Pedestrians on Tokyo's sidewalks could only welcome the report last week that the Metropolitan Police Department intends to crack down on bicycle riders who violate traffic regulations. Thirteen accidents in which cyclists were killed were registered in the capital as of the end of February, an increase of seven over the same period in 1998. Only two of the 13 fatal accidents did not involve transgressions of the road laws by the cyclists, ignoring traffic signals being prominent among them.

However, a question arises about implementation. If the Tokyo traffic police are no more successful than they currently are in stopping flagrant violations by truck and automobile drivers, what reason is there to believe the crackdown on bicyclists will succeed? Some observers expect it to be largely a case of good intentions and that in practice it will apply mainly to cyclists who are actually involved in accidents, rather than the many who regularly invite disaster and yet usually miraculously escape.
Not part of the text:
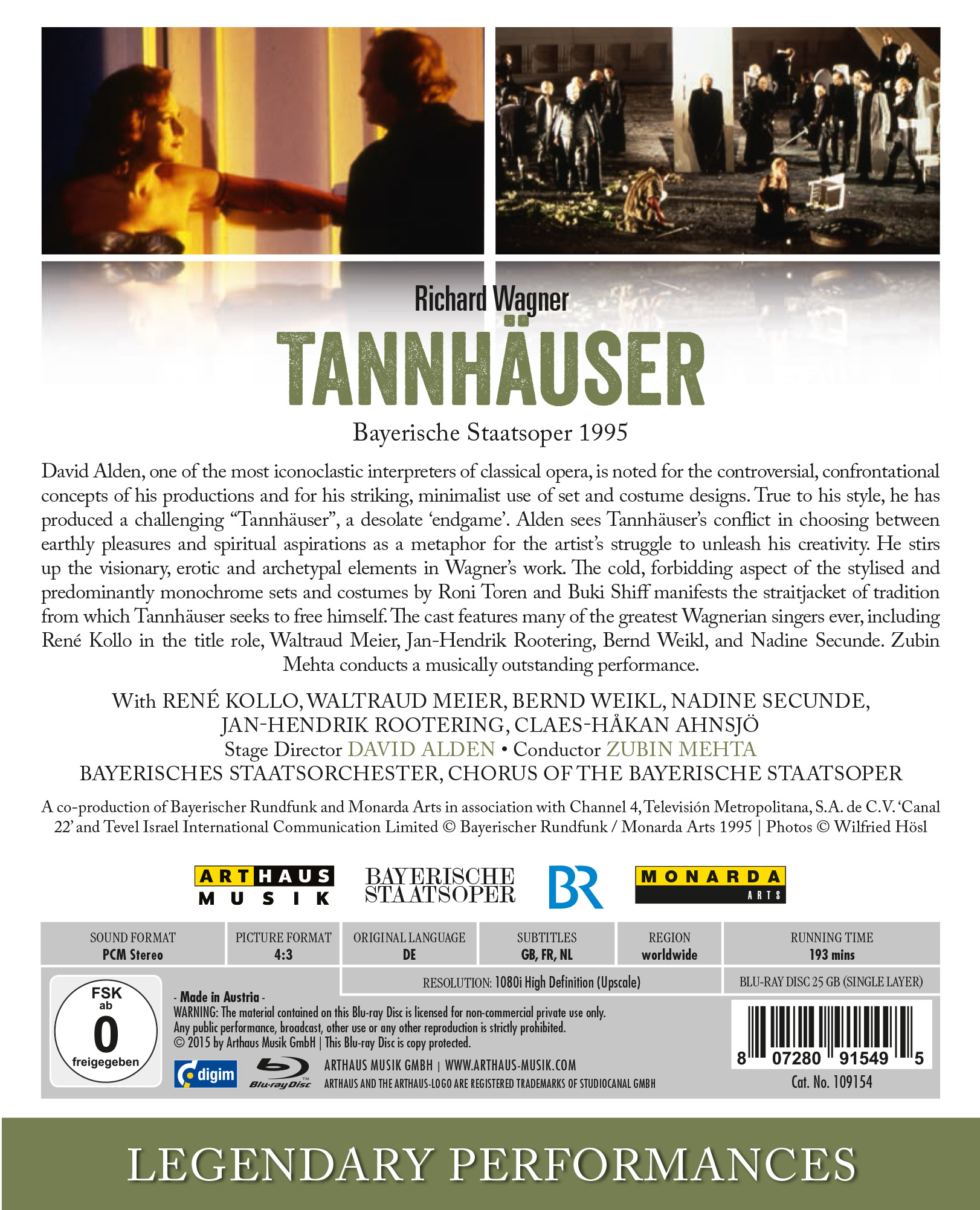 David Alden's new production by the Bavarian State Opera at the National Theater in Munich, which premiered at the opera festival on 6 July 1994, was celebrated by audiences and music journals alike as a milestone of contemporary Wagner adoptions. Zubin Mehta conducted this focused yet enchanting musical interpretation. Der doppelte Titel der am 19. Oktober 1845 unter Wagners Leitung im Dresdner Hoftheater uraufgeführten Oper "Tannhäuser oder der Sängerkrieg auf der Wartburg" bringt bereits zum Ausdruck, wie Wagners Dichtung zwei Stoffkreise verbindet, deren Überlieferung getrennt erfolgte. Die Figur des Minnesängers ist historisch verbürgt und seine Episoden sind mit dem "Tannhäuserlied" seit 1520 belegt. Musikalisch ist der Gegensatz von Diatonik und Chromatik Symbol für verschiedene Welten. Wagner revidierte das ursprünglich 1845 vollendete Werk 1847 unter anderem mit einem geänderten Schluß und bearbeitete die Oper nochmals für eine Pariser Inzenierung 1861 (die hier vorliegende "Pariser Fassung" mit Erweiterungen).

Bicyclists are only one small part of Japan's road-safety problem, of course. After several years in which traffic fatalities nationwide registered a decline, deaths from all types of vehicle accidents are on the rise again. Figures for the first two months of the year show fatality rates higher than in the same period last year and suggest that it may be impossible to keep the total below 10,000 again in 1999. That is, unless regulations intended to protect drivers, their passengers and pedestrians are enforced -- with the cooperation of an often stubborn public. In that case, accident-related deaths could begin to show a substantial fall from the 9,211 recorded for all of 1998.